Judy by the Numbers: "Chin Up! Cheerio! Carry On!"

Anne Marie is tracking Judy Garland's career through musical numbers...

1941 was a year of beginnings and endings for Judy Garland. It was the year of Judy's last Andy Hardy film (Life Begins for Andy Hardy, wherein nobody sang). And she wasn't just growing up on film - 1941 was also the year of Judy's first marriage: to David Rose, the musical director of the Tony Martin Radio Show. At only 19, Judy Garland was transitioning from child sensation to full fledged star.

 

The Movie: Babes on Broadway (1941)
The Songwriters: E.Y. Harburg (lyrics) and Burton Lane (music)
The Players: Judy Garland, Mickey Rooney, Virginia Weidler, Fay Bainter, Margaret O'Sullivan, directed by Busby Berkeley.

 

The Story: As the country entered World War II, the Freed Unit was lining up a series of nostalgia-inflected new hits starring Judy Garland for MGM. While Babes on Broadway looks at first glance like the typical "let's put on a show" backyard musical of 30's Mickey and Judy, some palpable differences manifest. First, there's the emphasis on Americana and patriotism, from Judy urging young British youths on in "Chin Up Cheerio!" to the (racist blackface) closing number, "Robert E Lee." This was the influence of World War II. Though Pearl Harbor happened mere days before Babes on Broadway was released, national sentiment was already turning towards the patriotic messages that would define wartime Hollywood. However, the movie's bigger hit was a more conventional Judy Garland number "How About You?"

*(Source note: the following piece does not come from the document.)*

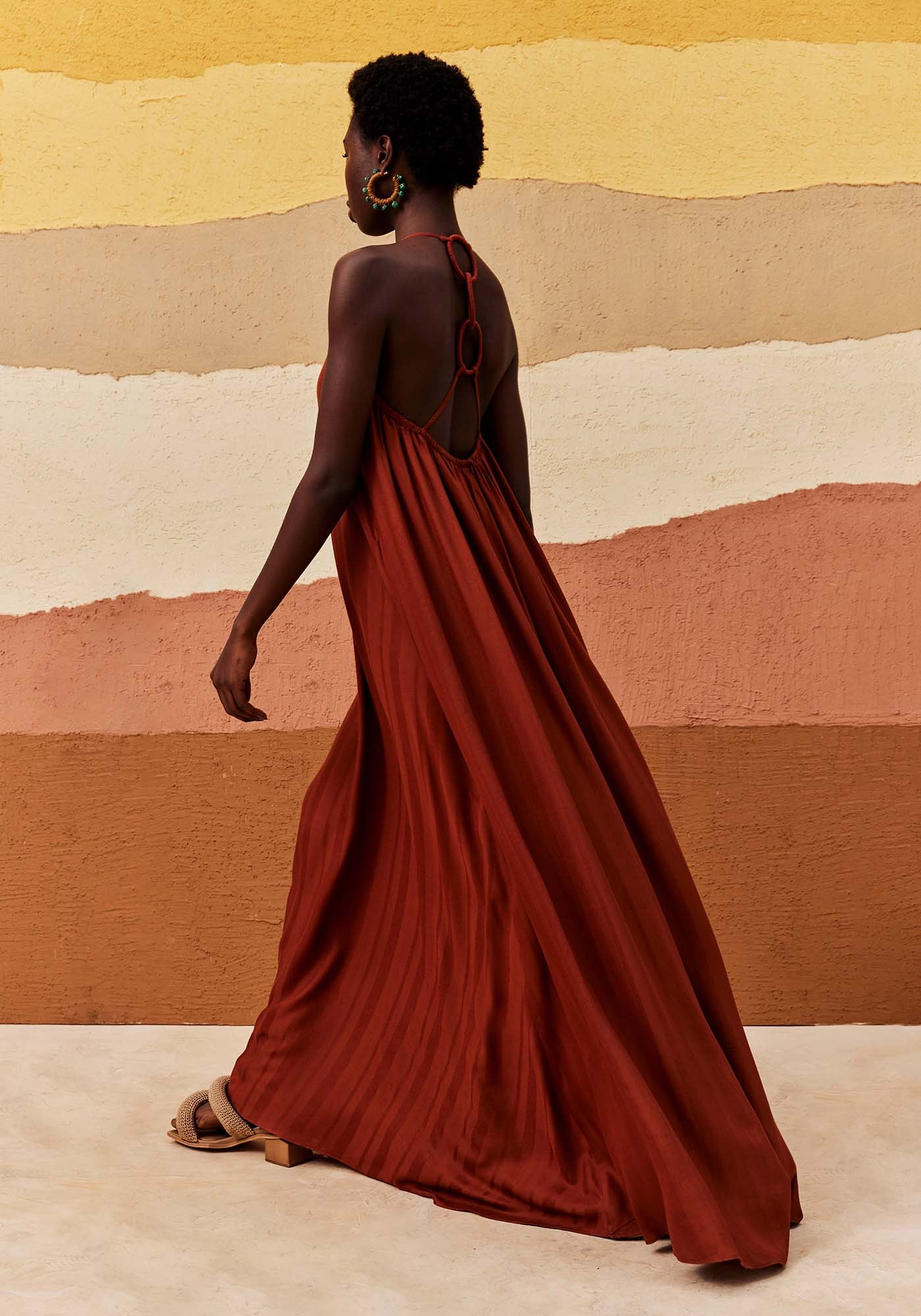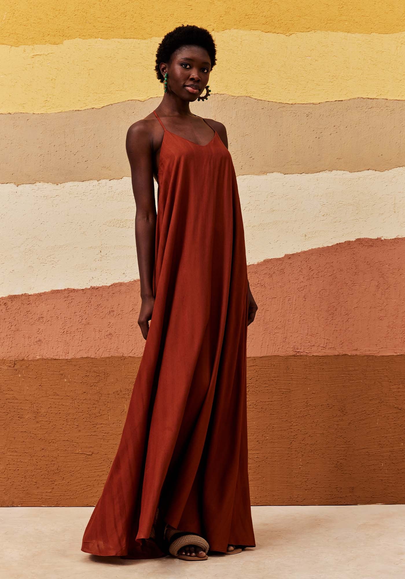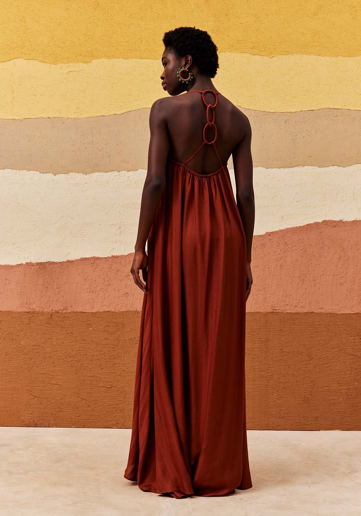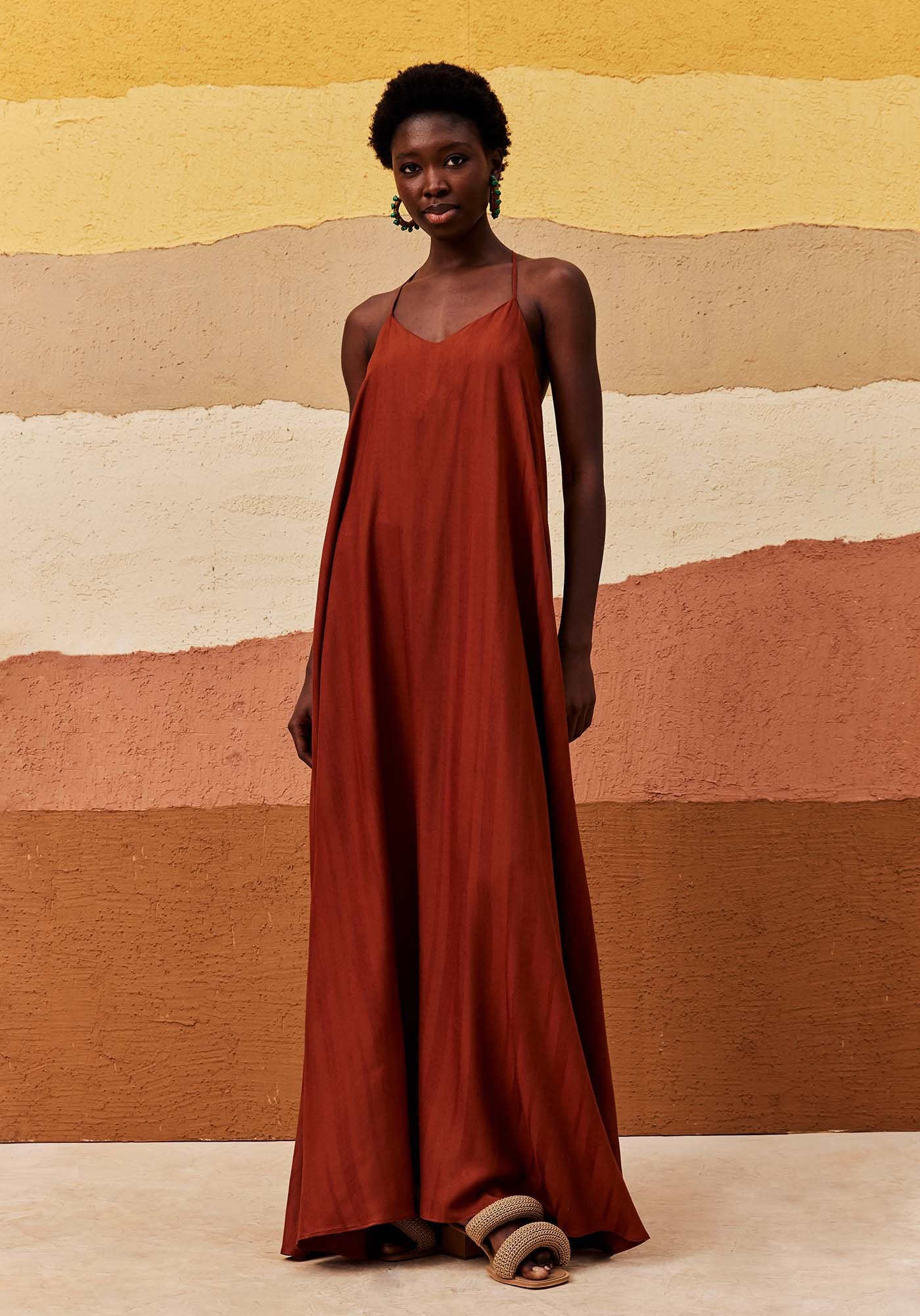 Este Vestido Longo apresenta modelagem ampla e fluida, sendo a escolha ideal para quem busca um visual prático mas também cheio de estilo. Com alças finas e decote sofisticado, ele apresenta detalhe em argolas na parte das costas que adiciona um charme único ao design. Possui lastex na parte das costas que garante um ajuste confortável. Elegante e único, ele é confeccionado em 97% Viscose e 3% Linho.

In many ways, Babes on Broadway looks and sounds like the old Judy and Mickey - the two doe-eyed lovebirds sing to each other at a piano or on a stage while Mickey pulls faces. However, there are two marked differences: First, Mickey is no longer the focus of the movie - the two actors share camera equally. Second, Garland has graduated from the giant lace sleeves and tulle-lined skirts of "in-between" childish Judy, instead dressed fashionably in the latest style. Ziegfeld Girl and Little Nellie Kelly had proven Judy's talent was mature. Now it was time for her star image to reflect that transition, too.